Problem statement: Each line holding the string "what" is to be copied from the data.

Material for this task:
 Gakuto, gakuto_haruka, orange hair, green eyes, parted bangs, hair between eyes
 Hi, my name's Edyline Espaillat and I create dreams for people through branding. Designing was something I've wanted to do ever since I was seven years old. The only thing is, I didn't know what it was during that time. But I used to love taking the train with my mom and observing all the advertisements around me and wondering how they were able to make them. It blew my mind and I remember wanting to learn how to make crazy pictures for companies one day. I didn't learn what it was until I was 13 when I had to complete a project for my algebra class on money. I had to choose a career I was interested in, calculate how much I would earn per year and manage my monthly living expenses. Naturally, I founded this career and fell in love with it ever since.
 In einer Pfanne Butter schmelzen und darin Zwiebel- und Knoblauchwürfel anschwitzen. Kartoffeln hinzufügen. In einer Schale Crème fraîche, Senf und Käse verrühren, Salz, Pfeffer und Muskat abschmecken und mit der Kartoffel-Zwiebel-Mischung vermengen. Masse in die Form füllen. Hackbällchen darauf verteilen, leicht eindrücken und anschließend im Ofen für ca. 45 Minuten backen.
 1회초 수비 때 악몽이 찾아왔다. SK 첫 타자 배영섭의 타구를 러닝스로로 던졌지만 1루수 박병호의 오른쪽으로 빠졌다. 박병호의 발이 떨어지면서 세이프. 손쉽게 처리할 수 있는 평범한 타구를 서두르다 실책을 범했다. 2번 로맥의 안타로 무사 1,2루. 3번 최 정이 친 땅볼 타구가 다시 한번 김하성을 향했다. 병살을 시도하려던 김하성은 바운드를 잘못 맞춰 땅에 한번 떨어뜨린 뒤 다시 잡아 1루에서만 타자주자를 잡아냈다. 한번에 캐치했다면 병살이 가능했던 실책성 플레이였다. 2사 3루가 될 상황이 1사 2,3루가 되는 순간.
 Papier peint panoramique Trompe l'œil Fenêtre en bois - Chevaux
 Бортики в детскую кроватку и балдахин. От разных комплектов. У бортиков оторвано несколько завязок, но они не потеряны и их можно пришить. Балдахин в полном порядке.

==

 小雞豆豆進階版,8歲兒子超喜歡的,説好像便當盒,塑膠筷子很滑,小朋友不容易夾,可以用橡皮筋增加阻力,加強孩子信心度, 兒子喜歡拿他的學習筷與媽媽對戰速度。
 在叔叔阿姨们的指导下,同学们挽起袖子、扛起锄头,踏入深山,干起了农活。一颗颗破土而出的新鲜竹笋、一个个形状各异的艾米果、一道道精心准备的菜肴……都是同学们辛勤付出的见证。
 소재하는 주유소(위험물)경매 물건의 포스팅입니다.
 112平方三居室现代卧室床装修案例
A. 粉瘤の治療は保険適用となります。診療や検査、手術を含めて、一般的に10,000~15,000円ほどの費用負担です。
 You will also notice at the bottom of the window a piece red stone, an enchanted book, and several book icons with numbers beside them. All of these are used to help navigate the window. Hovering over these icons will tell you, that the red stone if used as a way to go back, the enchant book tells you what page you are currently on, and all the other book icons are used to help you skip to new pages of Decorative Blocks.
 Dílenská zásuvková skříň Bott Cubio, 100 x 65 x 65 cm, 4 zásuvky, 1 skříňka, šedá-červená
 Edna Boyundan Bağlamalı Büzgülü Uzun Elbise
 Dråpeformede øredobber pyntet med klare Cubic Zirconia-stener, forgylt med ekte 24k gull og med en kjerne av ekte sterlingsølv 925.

--

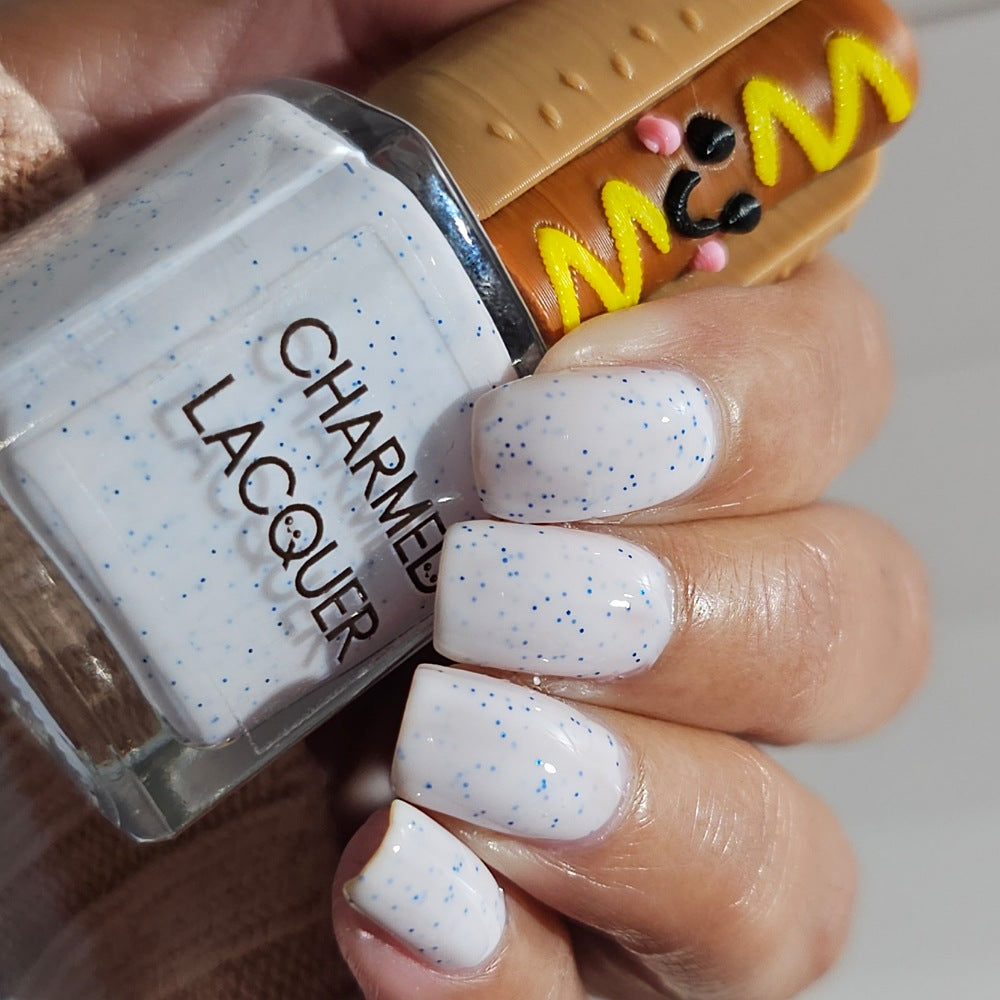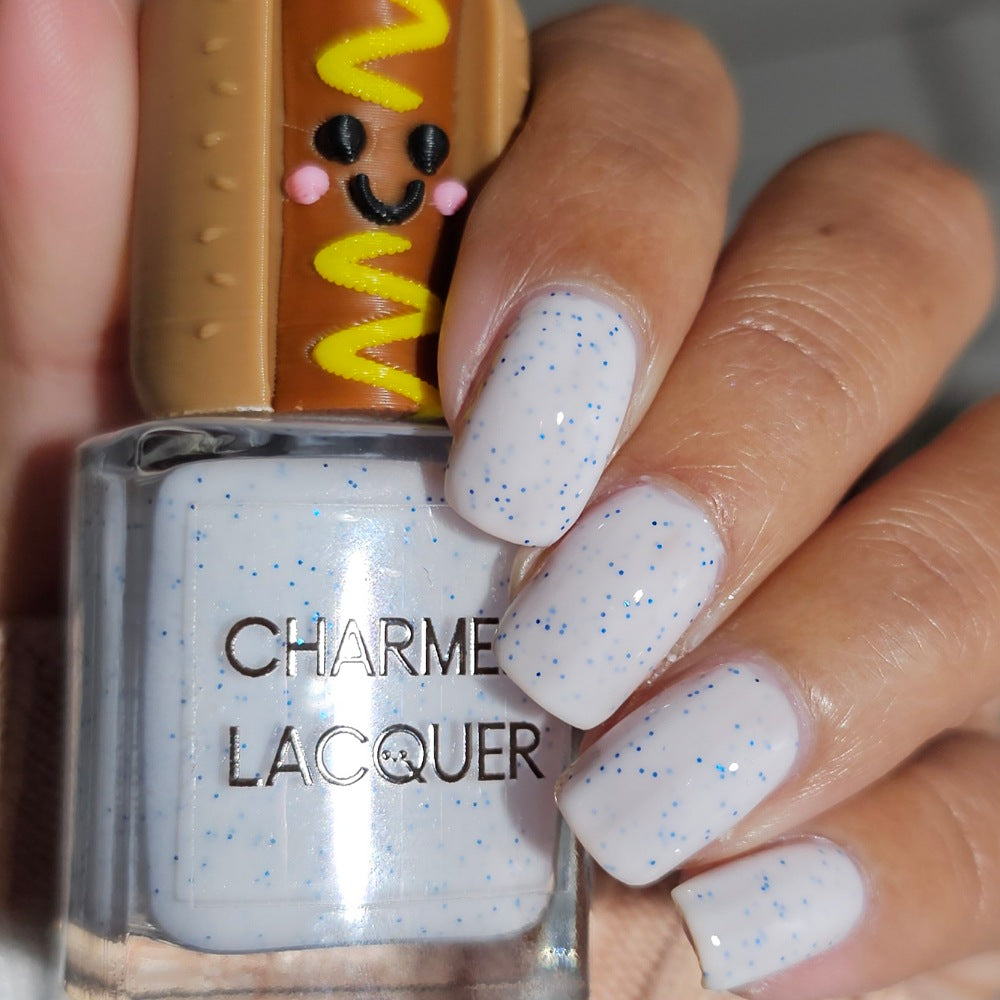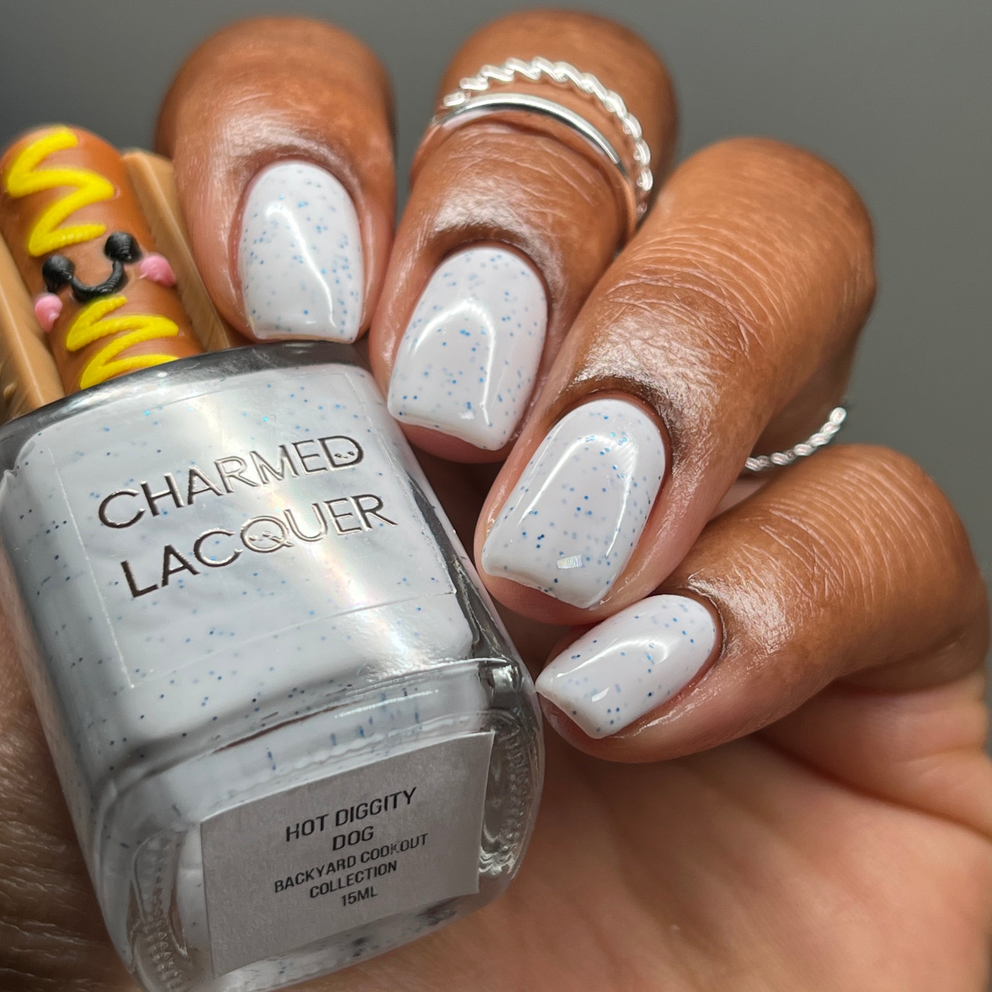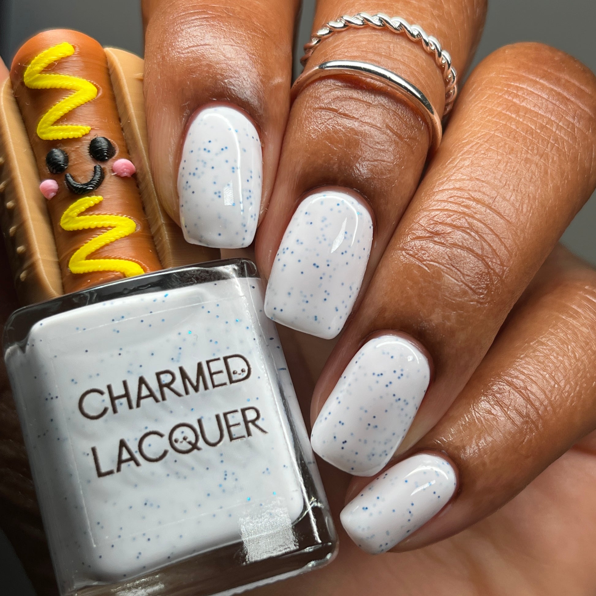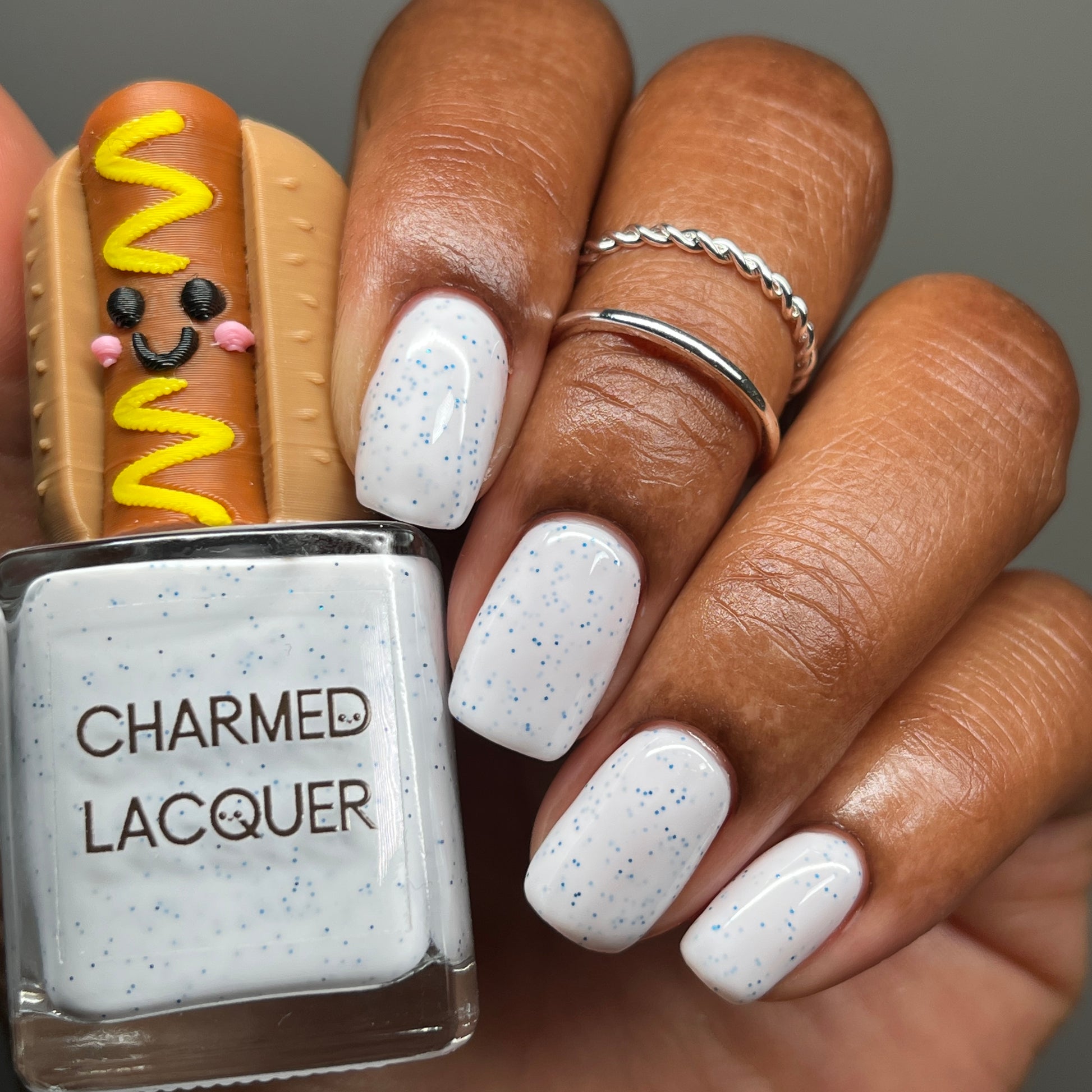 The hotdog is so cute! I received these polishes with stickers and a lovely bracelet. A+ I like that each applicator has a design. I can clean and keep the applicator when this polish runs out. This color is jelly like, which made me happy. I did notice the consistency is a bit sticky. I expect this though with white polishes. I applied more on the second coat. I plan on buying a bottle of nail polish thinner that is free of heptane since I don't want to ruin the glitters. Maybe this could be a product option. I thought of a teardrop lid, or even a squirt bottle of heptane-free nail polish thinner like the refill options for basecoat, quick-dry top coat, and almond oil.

Task output:
 Hi, my name's Edyline Espaillat and I create dreams for people through branding. Designing was something I've wanted to do ever since I was seven years old. The only thing is, I didn't know what it was during that time. But I used to love taking the train with my mom and observing all the advertisements around me and wondering how they were able to make them. It blew my mind and I remember wanting to learn how to make crazy pictures for companies one day. I didn't learn what it was until I was 13 when I had to complete a project for my algebra class on money. I had to choose a career I was interested in, calculate how much I would earn per year and manage my monthly living expenses. Naturally, I founded this career and fell in love with it ever since.
 You will also notice at the bottom of the window a piece red stone, an enchanted book, and several book icons with numbers beside them. All of these are used to help navigate the window. Hovering over these icons will tell you, that the red stone if used as a way to go back, the enchant book tells you what page you are currently on, and all the other book icons are used to help you skip to new pages of Decorative Blocks.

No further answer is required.